The earnings expansion was led by robust performances from Al Rajhi Bank, Saudi National Bank, and Bank Albilad, despite the onset of the Iran war on February 28. Growth was primarily supported by an 8% rise in funded income and a sharp 38% decline in provisions, highlighting improving asset quality and lower credit stress across the system.
Yet beneath the headline strength, pressure points are beginning to emerge. Non-funded income fell 3% year-on-year, reflecting regulatory changes affecting fees and commissions alongside softer operating conditions in non-banking businesses. The divergence suggests that while core lending activity remains healthy, ancillary revenue streams are facing structural and cyclical headwinds.

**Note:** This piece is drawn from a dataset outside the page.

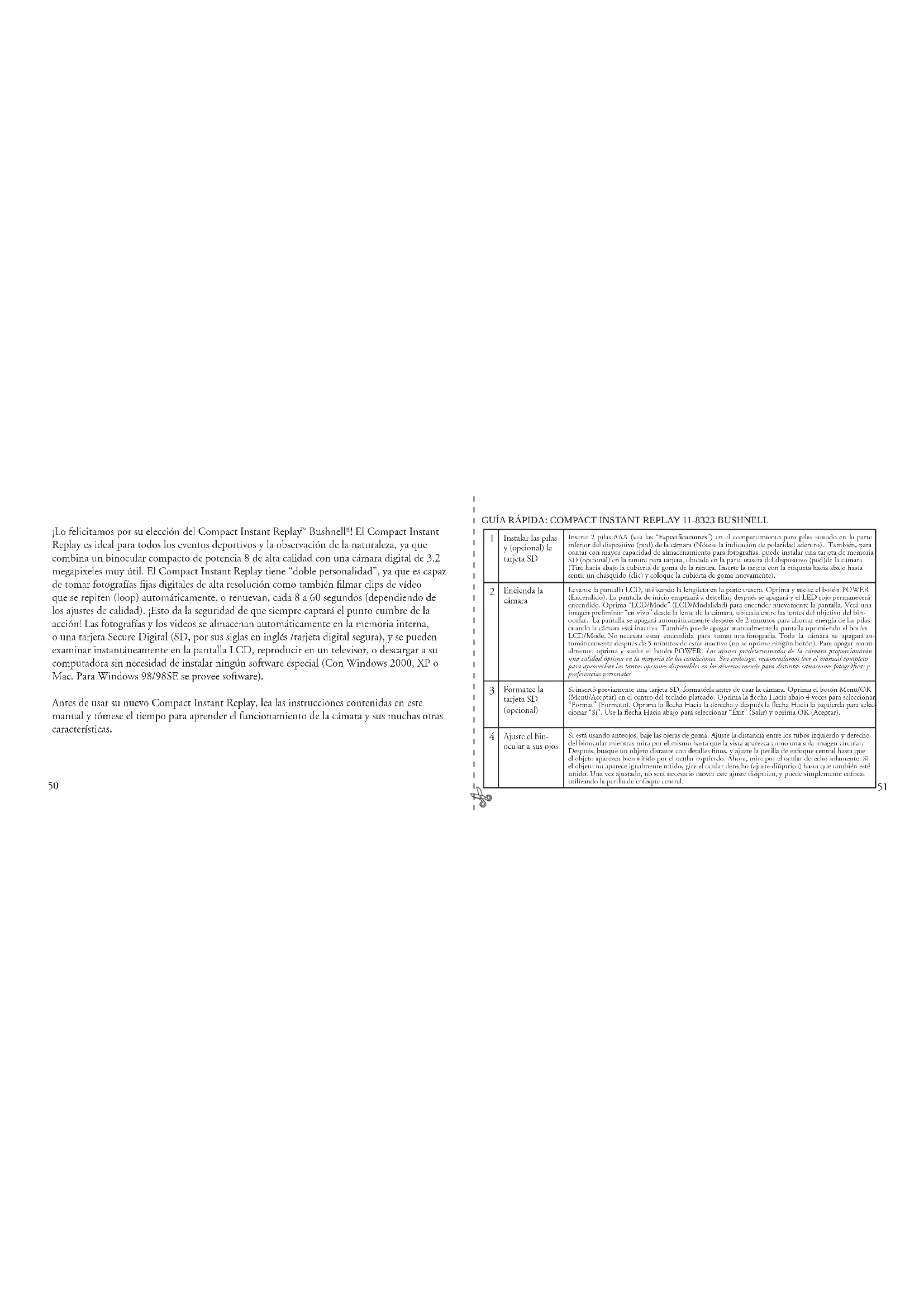 ! El Compact Instant Replay es ideal para todos los eventos deportivos y la observación de la naturaleza, ya que combina un binocular compacto de potencia 8 de alta calidad con una cámara digital de 3.2 megapixeles muy útil. El Compact Instant Replay tiene “doble personalidad”, ya que es capaz de tomar fotografías fijas digitales de alta resolución como también filmar clips de vídeo que se repiten (loop) automáticamente, o renuevan, cada 8 a 60 segundos (dependiendo de los ajustes de calidad). ¡Esto da la seguridad de que siempre captará el punto cumbre de la acción! Las fotografías y los videos se almacenan automáticamente en la memoria interna, o una tarjeta Secure Digital (SD, por sus siglas en inglés /tarjeta digital segura), y se pueden examinar instantáneamente en la pantalla LCD, reproducir en un televisor, o descargar a su computadora sin necesidad de instalar ningún software especial (Con Windows 2000, XP o Mac. Para Windows 98/98SE se provee software). Antes de usar su nuevo Compact Instant Replay, lea las instrucciones contenidas en este manual y tómese el tiempo para aprender el funcionamiento de la cámara y sus muchas otras características. GUÍA RÁPIDA: COMPACT INSTANT REPLAY 11-8323 BUSHNELL

Liquidity dynamics also shifted materially during the quarter. Deposits grew 9% year-on-year and 4% quarter-on-quarter, surpassing credit growth for the first time in two years. Strong government deposit inflows and relatively muted borrowing demand helped ease pressure on the sector’s loan-to-deposit ratio, allowing net interest margins to remain broadly stable amid softer pricing competition.
Most lenders maintained existing guidance, although Al Rajhi Bank revised its net interest margin outlook upward.
Looking ahead, analysts expect investor attention to center on SME lending momentum and the trajectory of corporate credit demand. The pace of financing tied to Saudi Arabia’s Vision 2030 projects in the second half of 2026 could prove decisive in determining whether the sector enters a broader re-acceleration cycle after a period of moderated loan growth.